Who Pays the Price for UK National Security Policy in Saudi Arabia?

For Ameen Nemer, a human rights activist from Saudi Arabia, the UK’s relationship with the Saudi government has come at a cost. Filmed last year, Rethinking Security’s interview with Ameen is released this week, amid increasing public concern about the continuing arms trade between the two nations. In this special blog post, he tells us why it’s time to rethink security.

When people in the UK think about Saudi Arabia, they perhaps now have an impression that the country is becoming more liberal. They’ve seen footage of women driving cars and they think ‘yes, progress is being made.’

This is because the authorities in Saudi Arabia are very careful about the image they put out, letting the international community believe that there is more freedom for citizens. They want the world to think that free speech, free assembly, women’s rights and so on are all getting better.  But the truth is that my home country is not reforming – the Government (which is also the Royal Family) is still authoritarian and repressing its own people – and is still leading the attacks on Yemen. 

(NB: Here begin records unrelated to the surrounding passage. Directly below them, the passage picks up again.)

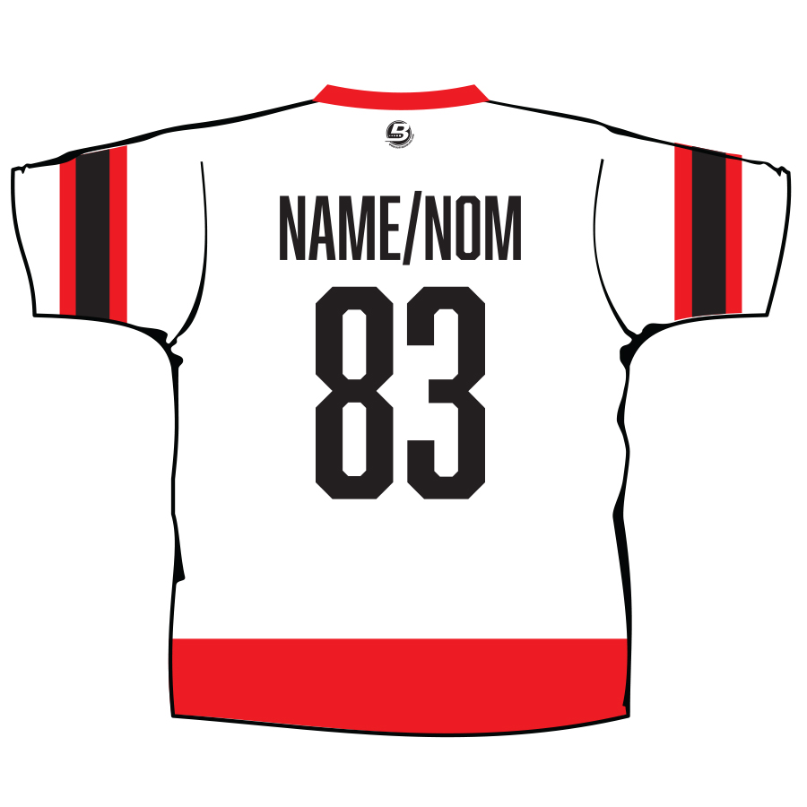 Your name will appear in CAPS on the back of the shirt. / Votre nom apparaîtra en MAJUSCULES au dos du chandail.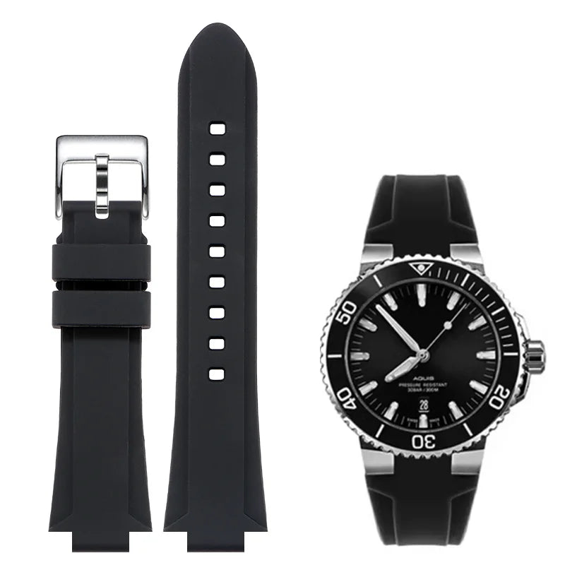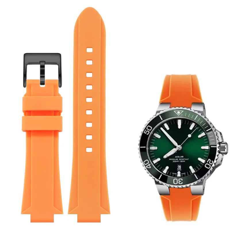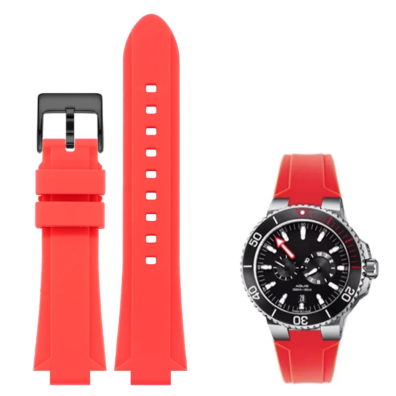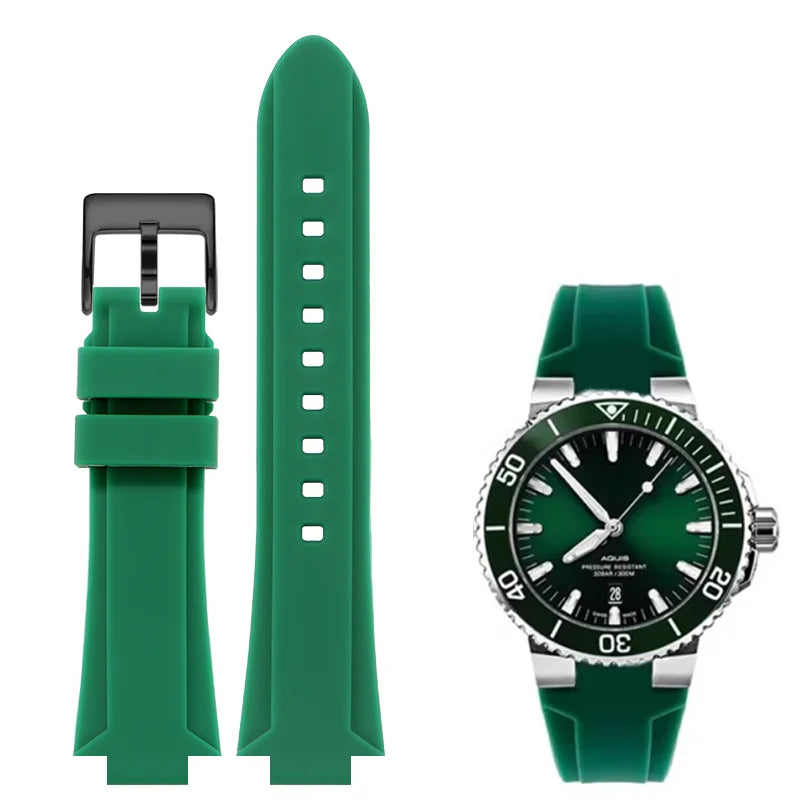 Cinturino in gomma siliconica con interfaccia convessa 24*11 per orologio subacqueo ORIS AQUIS, cinturino impermeabile con fibbia pieghevole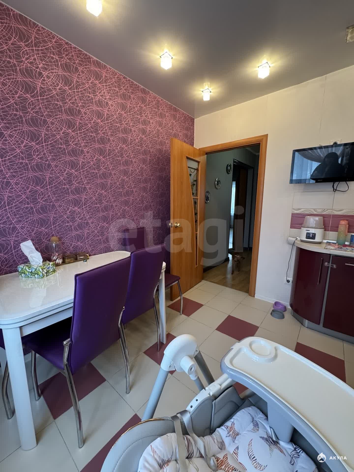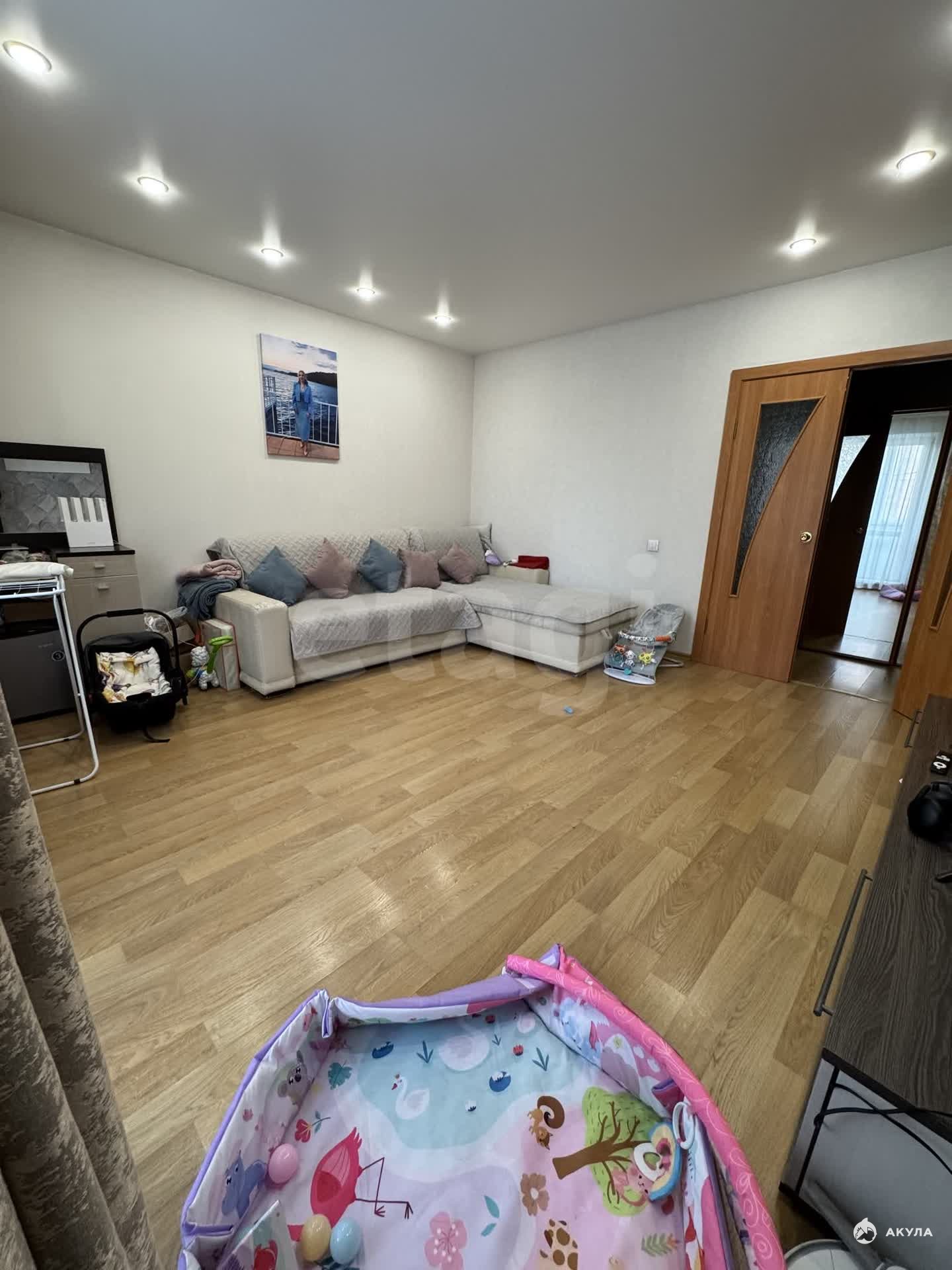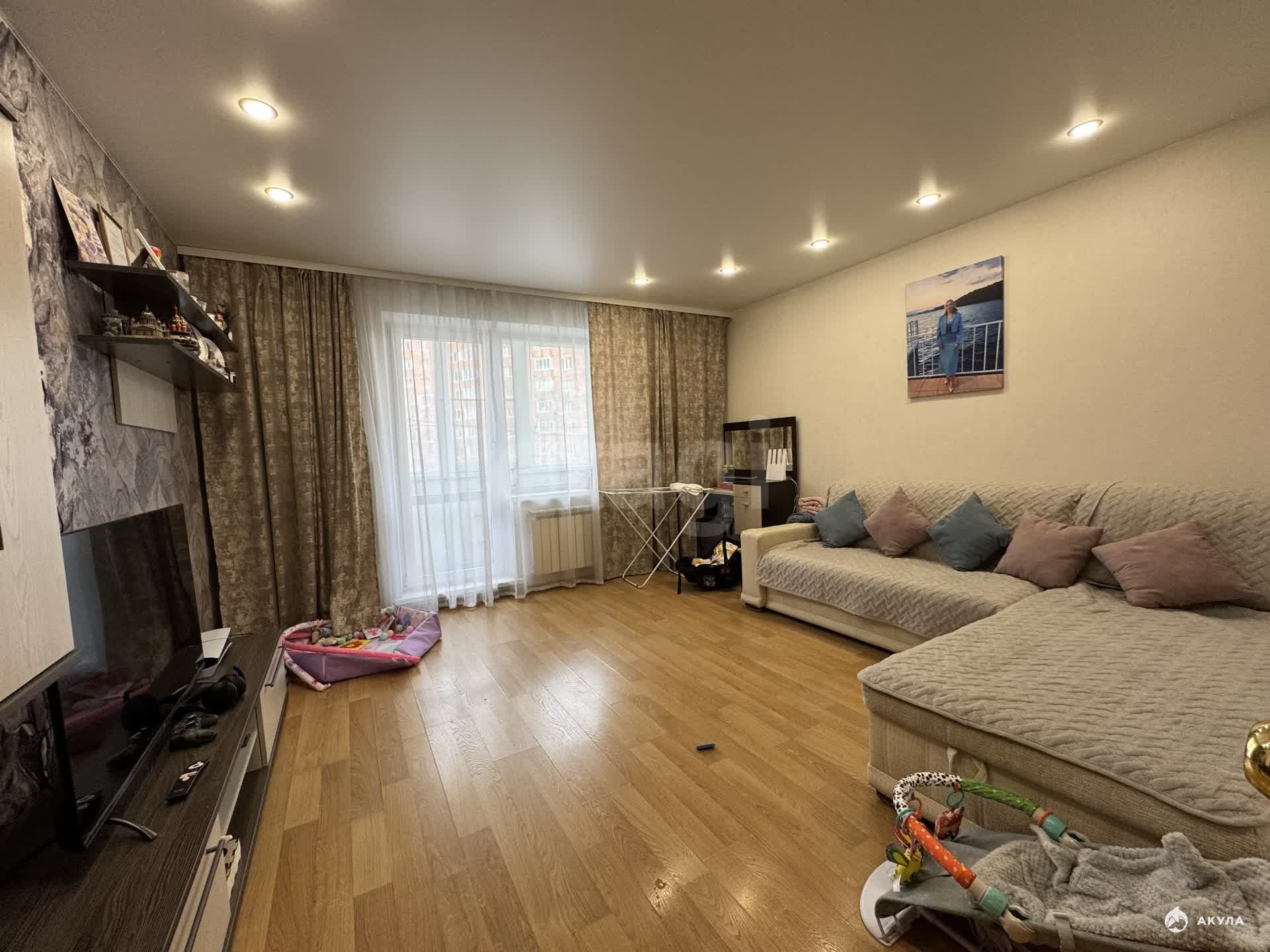В квартире натяжной потолок( кроме коридора). На полу ламинат. Санузел раздельный (в кафеле). Балкон застеклён (ПВХ). При продаже в квартире останется кухонный гарнитур с вытяжкой, диван и 2 встроенных шкафа.

What ordinary Saudi people want is change. But real, genuine change that’s led by the public and which works for the public. Since I fled in 2016 and came to the UK to seek sanctuary, there have been many more men and women arrested and detained for trying to peacefully bring about such change.

Not long after, I saw the news coverage of the murder of journalist Jamal Khashoggi, which the UN has concluded was a premeditated extrajudicial killing, for which Saudi Arabia was responsible. The UK government has just imposed sanctions on 20 Saudis presumed responsible but said nothing about the role of the Saudi regime or royals that they work for. The Saudi government will continue to stamp out any calls for sustainable change, and those who are dedicated to speaking out for human rights continue to have to risk their lives, or leave the country. 

 The UK is part of the problem

Of course, I am grateful to be in the UK and this enables me to build a new life here. In my spare time I take every opportunity to make the most of the freedom of speech I enjoy here to do talks and interviews – and blog posts! Here I am free to continue my human rights work, both to support people back home and to raise awareness among those who aren’t familiar with what’s going on. 

But, as the film shows, my new home (the UK) is part of the problem. Saudi Arabia is the UK’s biggest arms customer, and it’s using those weapons in Yemen. Last year, the High Court ruled that the UK’s sale of arms to Saudi was unlawful, but the Government refused to suspend its exports and has just lifted the Court’s restrictions on its ability to issue new licenses to arms exporters. The UK is not alone in this – last month it was revealed that Canada more than doubled its sales of military equipment to Saudi Arabia between 2018 and 2019. What the UK, the US, Canada, France and others are doing, and have been doing since the 1960s, is making a totalitarian regime more and more capable of war.

So, we have a Government that’s basically propping up a conflict – in which civilians are dying – because of commercial interests. And weapons (and military training) are not the only export; by continuing this relationship the UK is lending legitimacy to Saudi power. It is supporting that deceptive image of Saudi Arabia as a reforming nation – in other words, it’s acting as their PR firm.

 “Because national security”

The UK Government will, time and again, claim that being an ally to Saudi Arabia is not only a money-maker, but is benefitting UK national security. They will say that terrorism by fundamentalist Islamists is a threat to both countries and having a co-operative relationship, and sharing intelligence, with Saudi Arabia is necessary to prevent attacks on British soil.

But the public here has already decided it’s not worth it; almost two thirds of Brits oppose arms sales to Saudi Arabia. They don’t see a benefit for national security, nor do they see the UK’s supposed ‘soft power’ having any positive influence on the Saudi human rights situation. So more and more, the public are beginning to wonder if this arrangement is doing more harm than good. 

Rethinking security means taking a look at old and common assumptions about foreign policy, and to me, Saudi Arabia is a good place to start. Why? Because I can no longer live in my country for fear of persecution, and because millions of people there continue to suffer. They are the ones paying the price, and when we rethink security – and when the Government writes its next Review – we must listen to their voices.


The views and opinions expressed in posts on the Rethinking Security blog are those of the authors and do not necessarily reflect the position of the network and its broader membership.